I'M IN MIAMI, TRICK-OR-TREAT (Beatrix Kiddo), Wednesday, 9 September 2009 20:40 (fourteen years ago) link

Love all of Pynchon's books, but always felt this one never got it's due. I'm not very good at articulating why I like it, but it seems like his most compassionate book. It also gives me a sense of nostalgia, even though my life and background is nothing like any of the characters in the novel.

OCD Scrobbles (I am using your worlds), Wednesday, 9 September 2009 20:48 (fourteen years ago) link

yeah! that's a great way of putting it. and i love the sort of gratutious run-on sentences ending some chapters, where he reaches out beyond the characters at hand and ropes in little phrased vingettes of stuff happening near by. so... poetic, i guess.

I'M IN MIAMI, TRICK-OR-TREAT (Beatrix Kiddo), Wednesday, 9 September 2009 20:52 (fourteen years ago) link

From Rushdie's NYT review of Vineland:

"Other things, too, have remained constant in the Pynchonian universe, where these are days of miracle and wonder, like ''Doonesbury'' written by Duke instead of Garry Trudeau, and the paranoia runs high because behind the heavy scenes and bad trips and Karmic Adjustments move the shadowy invisible forces, the true Masters of the Universe, ''the unrelenting forces that leaned ever after . . . into Time's wind, impassive in pursuit, usually gaining, the faceless predators . . . [who] had simply persisted, stone-humorless, beyond cause and effect, rejecting all attempts to bargain or accommodate, following through pools of night where nothing else moved wrongs forgotten by all but the direly possessed, continuing as a body to refuse to be bought off for any but the full price, which they had never named.'' "

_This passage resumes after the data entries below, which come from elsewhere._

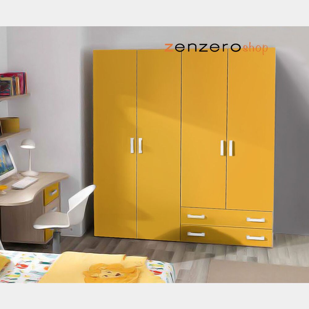 Armadio moderno Giallo e Olmo con 4 ante battenti 2 cassetti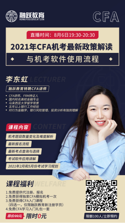 CFA协会公布了2021年CFA考试全部实行机考,这对CFA考生是一个惊天消息,不知道该怎么办,那你还等什么!2020年8月6日融跃在直播间等你一起解读CFA机考!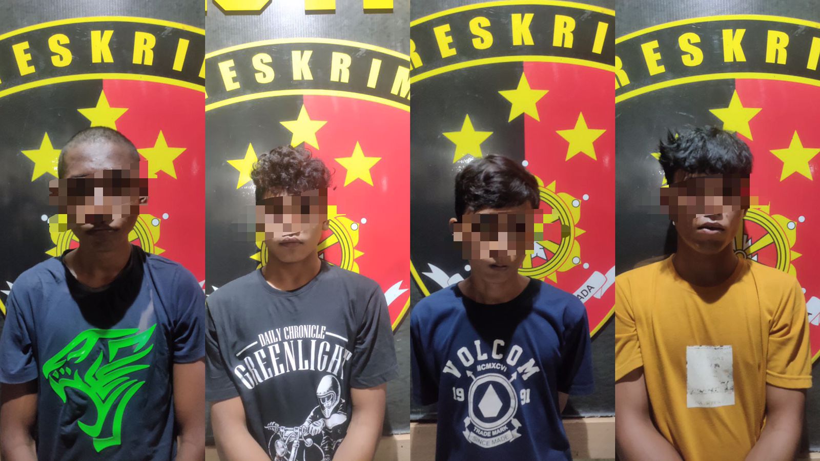 Masing-masing FI (16) warga Jl Cakalang, FA (16) warga Jl Cakalang, MA (20) warga Jl Carede dan HA (17) warga Jl Yogi S Memet.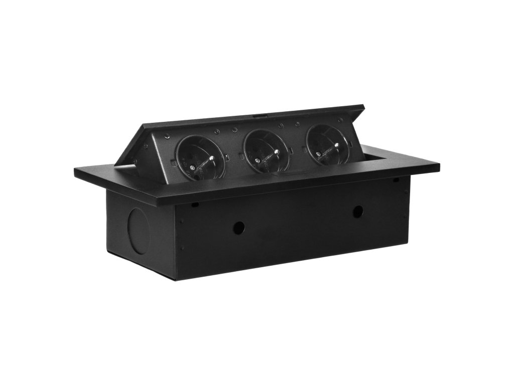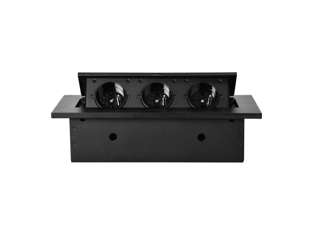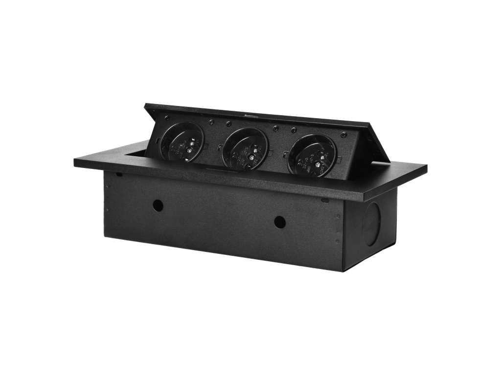 Három darab 2P+Z elektromos aljzatból álló készlet kihúzható felső fedélben. Asztalokba, asztallapokba és íróasztalokba történő belső beépítésre tervezve, függőleges és vízszintes helyzetben egyaránt, hozzáférést biztosítva az elektromos aljzatokhoz.Műszaki leírás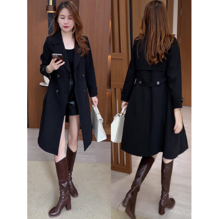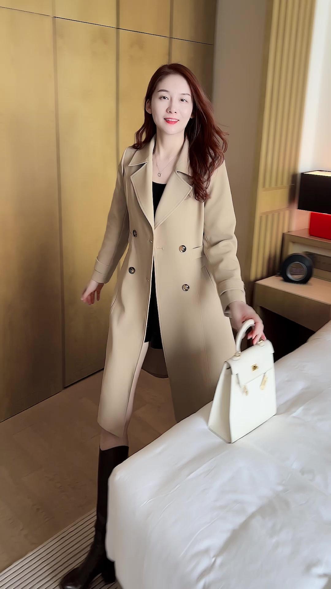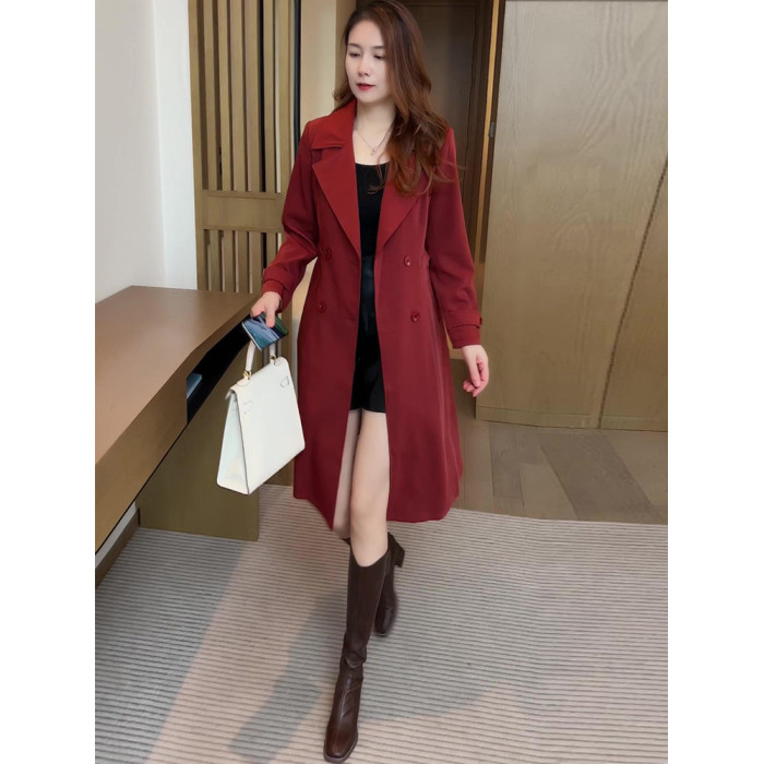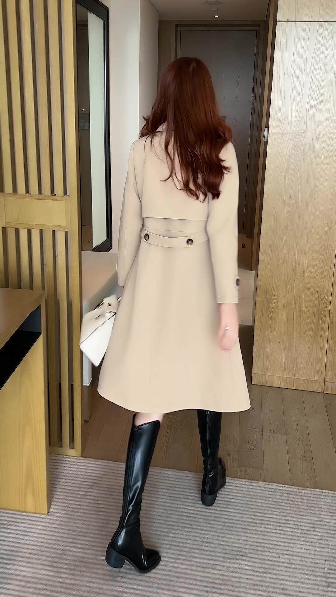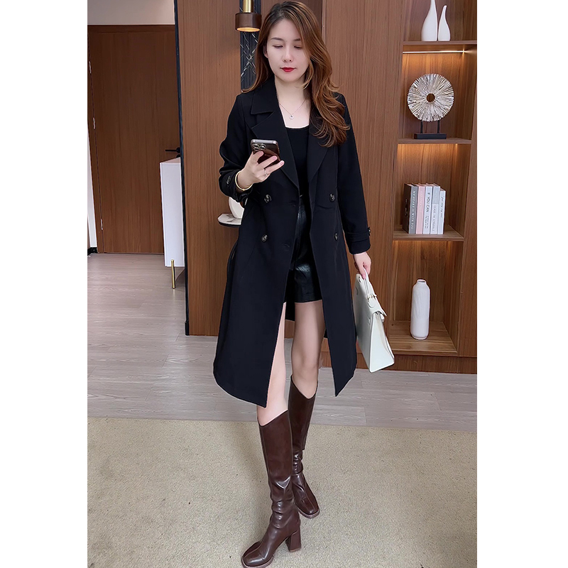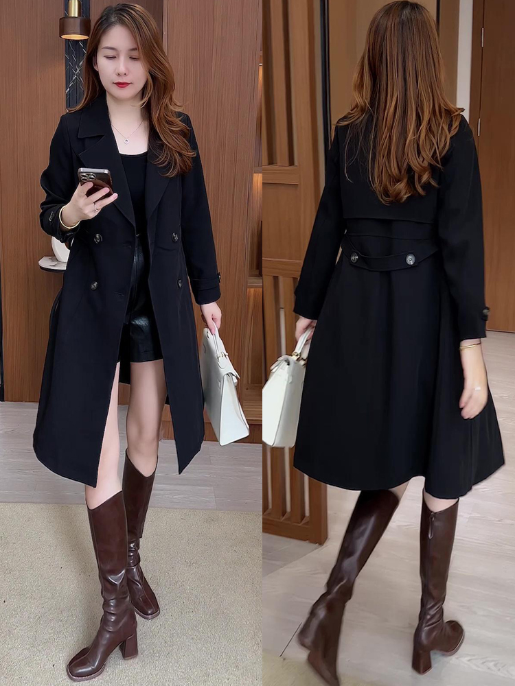 風衣外套女中長款2025秋冬新款時尚氣質顯瘦雙排釦西裝領流行大衣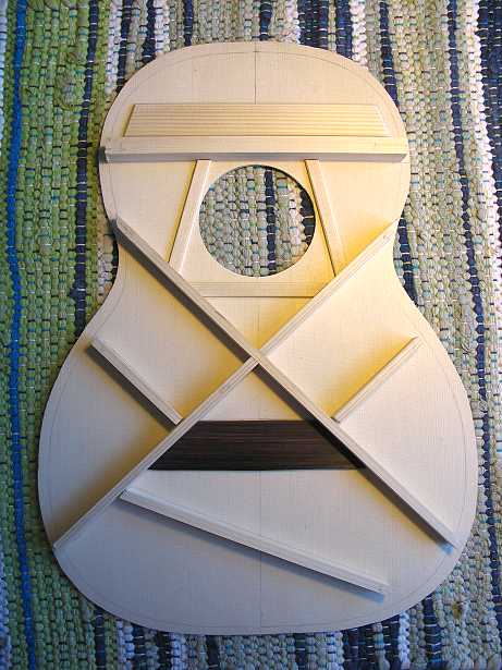 Here I have cut all the braces to their final lengths. I have also made a rosewood bridge plate (3/32" thick).
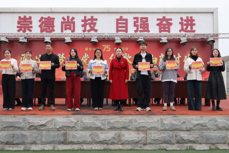 校团委负责人刘雪琳为获奖学生颁奖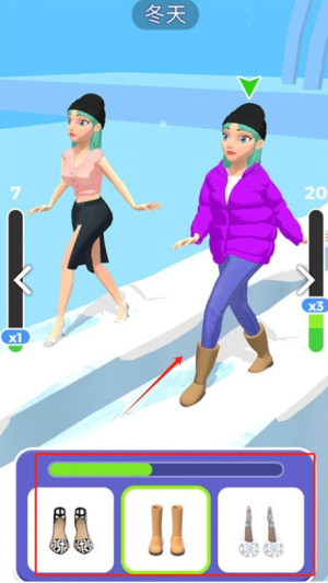 4、完成装扮:为角色搭配好服装后,点击箭头按钮完成装扮并进入下一环节。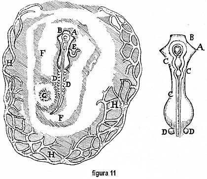 [11] Probabilmente, allo stadio della stria primitiva. Il raggiungimento di questo stadio anteriormente all'incubazione è sottolineato dagli autori posteriori, alcuni dei quali hanno invocato a spiegazione il forte calore estivo poco sopra ricordato dal Malpighi. (Luigi Belloni, 1967)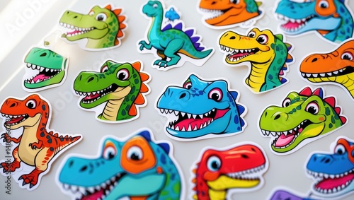 © AbstractAI, Fototapeta premium A compilation of stickers with diverse cartoon dinosaurs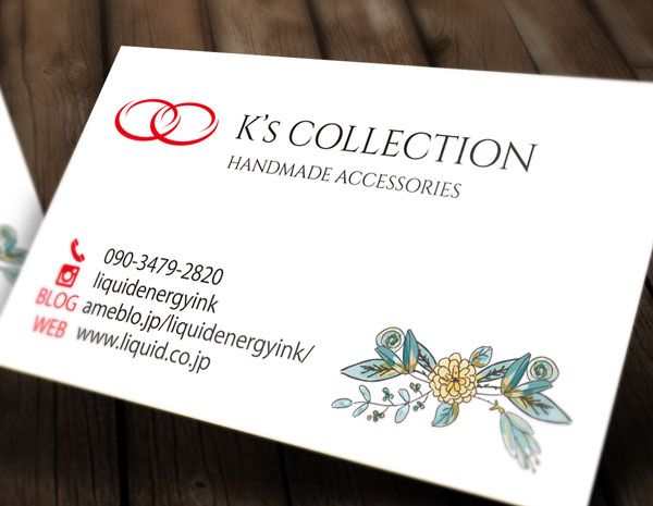 シンプルなロゴと手書きの花のイラストの組み合わせがおしゃれなアクセサリー・雑貨店名刺またはショップカードデザイン。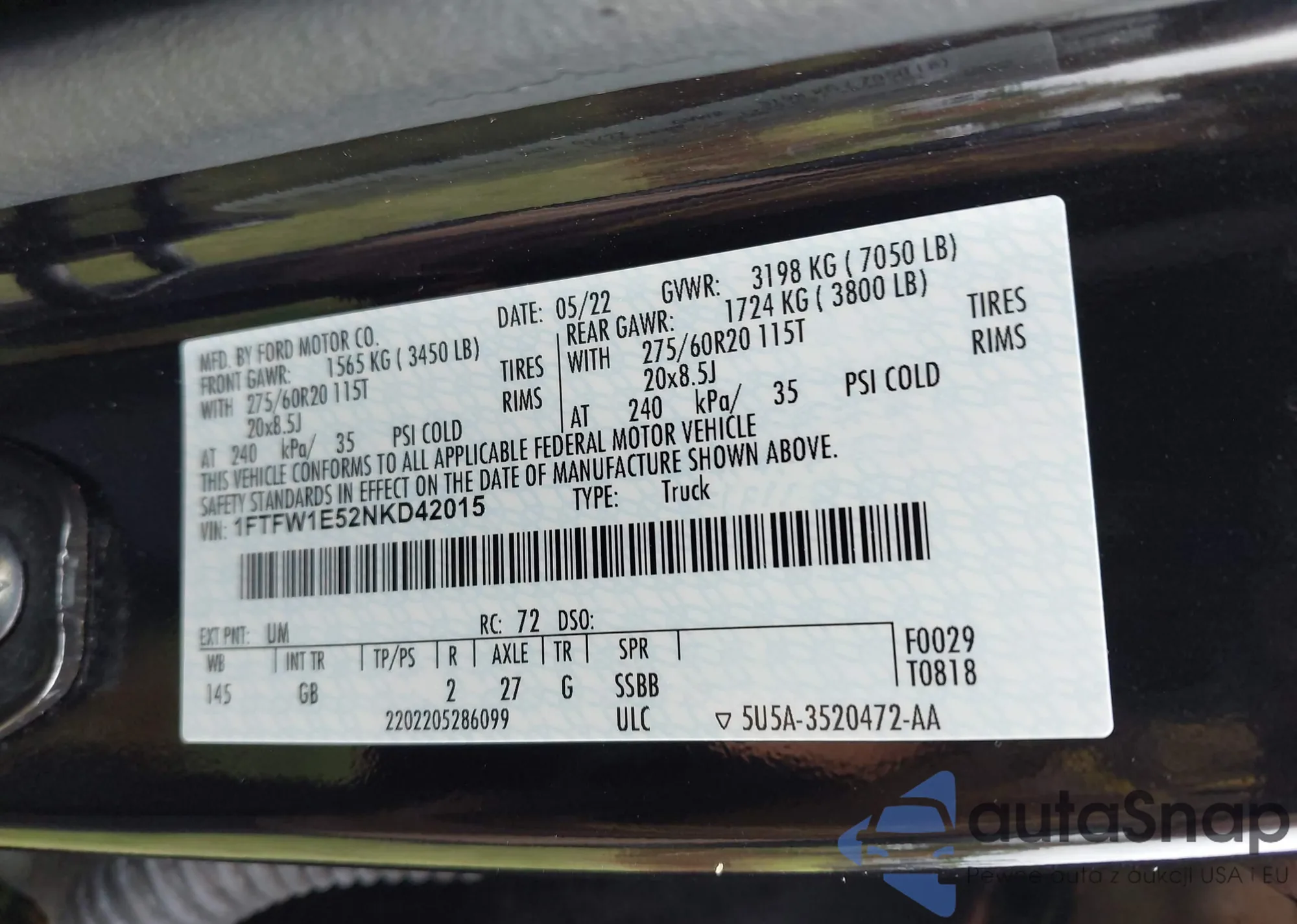VIN: 1FTFW1E52NKD42015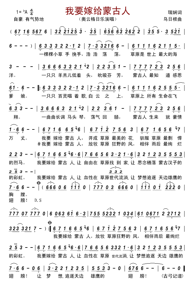 《我要嫁给蒙古人》简谱 奥云格日乐
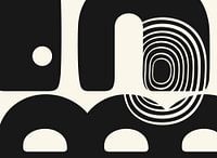 Een abstract schilderij van organische geometrische vormen in zwarte en witte kleuren met een impressie van Scandinavische kunst uit Noord-Europa.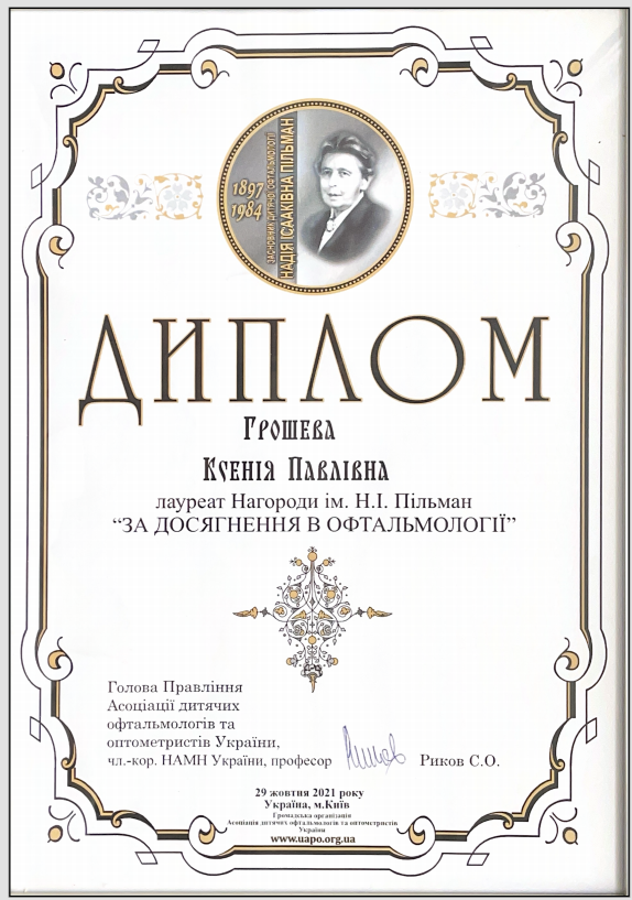 - 2021 — Лауреат нагороди ім. Н. І. Пільман «За досягнення в офтальмології», м. Київ, Україна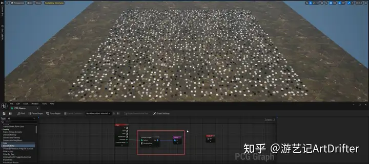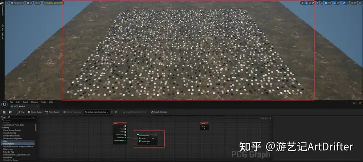 PCG 차트에서 노드를 선택하고 키보드의 "D" 키를 누르면 레벨에 노드 데이터가 시각적으로 표시됩니다. 예를 들어 디버깅이 활성화된 표면 샘플러는 포인트의 분포와 밀도를 PCG 차트에 포함된 지형에서 다양한 그레이 스케일 색상의 사각형으로 표현할 수 있습니다. 노드를 디버그 노드에 연결하여 동일한 작업을 수행할 수 있습니다.

I'M IN MIAMI, TRICK-OR-TREAT (Beatrix Kiddo), Wednesday, 9 September 2009 20:53 (fourteen years ago) link

i remember reading that review and feeling smug that rushdie hadn't noticed that vineland was the cyberpunk novel pynchon was rumoured to be working on

love this book. just bought a first edition. well, possibly a first edition. it says first edition but it's missing a number line. it's probably not a first edition. but i tell myself it is.

thomp, Thursday, 10 September 2009 12:35 (fourteen years ago) link

Feels like the other half of Inherent Vice a little bit. Now I've finished that, have to go back and read this.

hugo, Friday, 11 September 2009 18:10 (fourteen years ago) link

six years pass...

vineland shares characters with inherent vice (scott oof!)

i finally just reread it (last in a big reread jag) and really enjoyed it -- for its mood and generosity, as much as anything… i'm p sure i enjoyed the first time round, though i'd remembered almost nothing from it… weakest element is frenesi's thing for brock vond, maybe: the narrative likes frenesi (despite everything) and hates vond, and somehow he doesn't get the reality of their connection across (which is odd, seeing as GR also traded in this dynamic? but maybe gender-switched?)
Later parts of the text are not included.